Encyclopedia of Modern American Extremists and Extremist Groups
- Cover of the first edition
- Author: Stephen E. Atkins
- Language: English
- Subject: Extremism
- Publisher: Greenwood Press
- Publication date: 2002
- Publication place: United States
- Media type: Print
- Pages: 375
- ISBN: 0-313-31502-7
- OCLC: 48588289
- Dewey Decimal: 320.53
- LC Class: HN90.R3 A75 2002

= Encyclopedia of Modern American Extremists and Extremist Groups =

2002 book by Stephen E. Atkins

Encyclopedia of Modern American Extremists and Extremist Groups is a reference work on extremism written by Stephen E. Atkins. It was published by Greenwood Press in 2002. Atkins was then an academic librarian and the associate university librarian of Texas A&M University. It covers American domestic extremists from 1950 to 2001, though most of the book's contents are focused on the post-1980 era. Atkins defines extremism as those who deviate substantially from "normal economic, political, religious, or social standards" in their activism.

The encyclopedia contains 275 entries on extremist people, extremist groups, and broad topics related to extremism. Those profiled are from a variety of political ideologies, including left- and right-wing extremists, but also more specific causes like environmentalism. Foreign terrorism targeting the United States, such as the September 11 attacks, is excluded. The book received positive reviews, with praise for its writing and the information provided. Several reviewers also complimented its scope as unique in its focus on extremism broadly rather than a specific variety and as filling a gap in the literature.

== Background and publication history ==
At the time of the book's publication, author Stephen E. Atkins was an academic librarian and the associate university librarian of Texas A&M University. The Encyclopedia of Modern American Extremists and Extremist Groups was first published in 2002 by Greenwood Press in Westport, Connecticut. Its first edition was 375 pages long. For sources, Atkins mostly used publicly accessible materials such as newspaper and magazine reports, autobiographical and biographical materials on those profiled, and information from the watchdog groups the Anti-Defamation League and Southern Poverty Law Center.

Two years after the book's publication, Atkins wrote another encyclopedia with a similar scope, the Encyclopedia of Modern Worldwide Extremists and Extremist Groups, focusing on non-American extremists, which reviewers described as a companion volume or a complement to the original book. Following Atkins' death, in 2011 his Encyclopedia of Right-Wing Extremism in Modern American History was posthumously published. That book covers similar topics as the Encyclopedia of Modern American Extremists but is more narrowly focused on right-wing extremism.

== Contents ==
In defining extremism, Atkins defines it as those people or groups who deviate significantly from "normal economic, political, religious, or social standards" and with behaviors far outside the norm, often, but not exclusively, violently, in an effort to change the status quo.
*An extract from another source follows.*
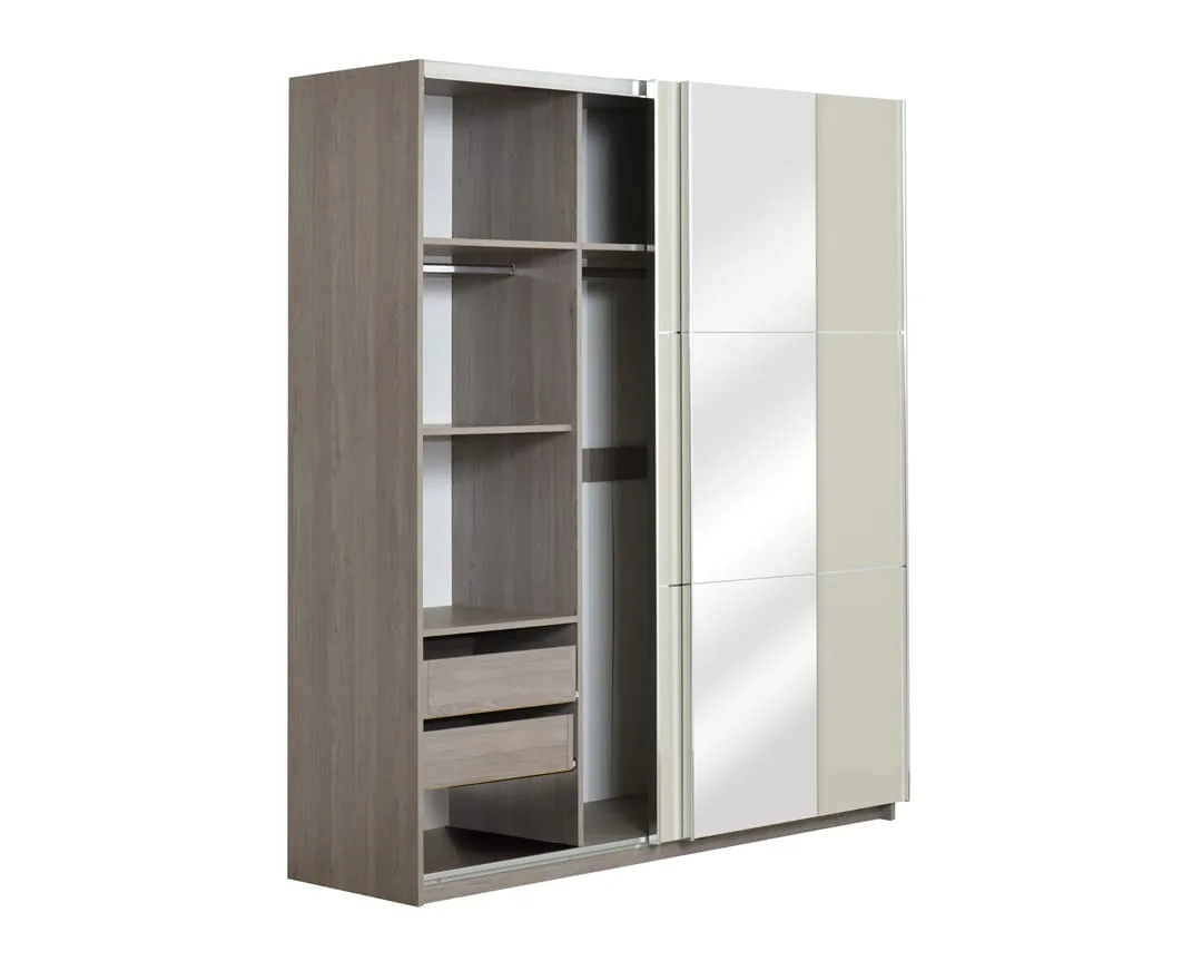 ELEGANCE LINE Američki plakar AP 180 pravo je rešenje za postizanje enterijerske praktičnosti i maksimalne iskorišćenosti raspoloživog prostora. Unutrašnjost plakara je dvodelna. Jedan deo američkog plakara sadrži samo garderober šipku, a drugi deo je podeljen policama za odlaganje robe, sa 2 fioke na dnu, uz garderober šipku. Izrađen je od univera debljine 18mm i poseduje soft-close mehanizam. U cenu plakara nije uračunata rasveta. Kupuje se opciono.
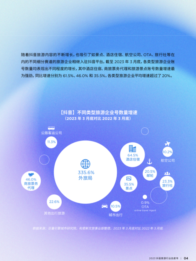 《2023抖音旅游行業(yè)白皮書(shū)》顯示,截至今年3月底,抖音上景點(diǎn)、酒店住宿、航空公司、OTA、旅行社等各類(lèi)旅游企業(yè)賬號(hào)數(shù)量的平均增速超過(guò)了20%,其中酒店住宿、商旅票務(wù)的賬號(hào)數(shù)量的增速高達(dá)61.5%、46.0%。

He limits the book's scope to domestic extremists with origins in the United States, so foreign extremists who attacked the United States are excluded, e.g., the September 11 attackers, though those with foreign influences are included. He additionally excludes criminals who perpetrated their crimes for personal gain. Left, right, and religious extremists are included, as are extremists on more specific issues, e.g., environmentalists, animal rights activists, cult leaders like Marshall Applewhite, or ACT UP and their militant AIDS awareness. Some entries are on broad topics, like the anti-abortion movement or the whole animal rights movement.

The encyclopedia contains 275 entries, listed alphabetically. The entries are divided into three categories of extremist: religious, political, and social/economic. The largest category are the political extremists, followed by the religious, with the smallest being the social/economic extremists. Entries vary from 200 to 1500 words each and include cross-referencing and a suggested reading section for each entry. Both biographical and organizational entries are included. It includes photographs of some subjects. The book's contents only cover since 1950, with the exception of the Ku Klux Klan, which has an older founding date of 1866. Most of the book's contents are post-1980. The latest entry focuses on late 2001. It concludes with an events chronology, which is 13 pages long. It has a selected bibliography and an index.

== Reception ==
The Encyclopedia of Modern American Extremists and Extremist Groups received positive reviews, and it was recommended by several reviewers. Several sources praised the writing and the amount of information provided. Reviewer Mark Y. Herring said it "stands as a sad testament to this country’s homegrown hotheads, lunatics, and guttersnipes."

W. Jakub for Choice said Atkins had made "a marvelous attempt to ferret out from the nether regions of society" the extremists profiled, while Herring called it "excellent" as a reference work. Karen Evans for Choice called it "outstanding" with "fundamental information on extremists and their activities" noting its examination of the FBI's involvement in multiple extremist cases. School Library Journal's Elizabeth M. Reardon called it an "exhaustive" resource and praised its usage of cross referencing, while Michael Sawyer for Library Journal praised its inclusion of more obscure extremists. David A. Lincove for Reference and User Services Quarterly complimented the encyclopedia's writing and its theme, calling it well-defined; he called it a "comprehensive [...] guide to the most influential and significant extremist people, groups, and movements" though said given its reliance on popular materials for its information, those seeking scholarly studies may want to look elsewhere for an explanation of extremism. He noted the inclusion of some entries like Greenpeace or ACT UP as seeming to lie more with their methods than their ideology.

Several reviewers noted its scope as unique: that of political extremism broadly, rather than a specific variety of extremism. Several reviewers praised it for covering an area that lacked many reference works. Lincove compared it to the 1992 book Nazis, Communists, Klansmen, and Others on the Fringe, calling that the only similar reference work in terms of scope and topic matter (being on a broad range of extremists rather than left or right specifically, like the Encyclopedia of White Power), though he said this encyclopedia was more comprehensive. Another reviewer compared it to America in the Sixties: Right, Left, and Center by Peter B. Levy in its inclusion of a variety of political ideologies.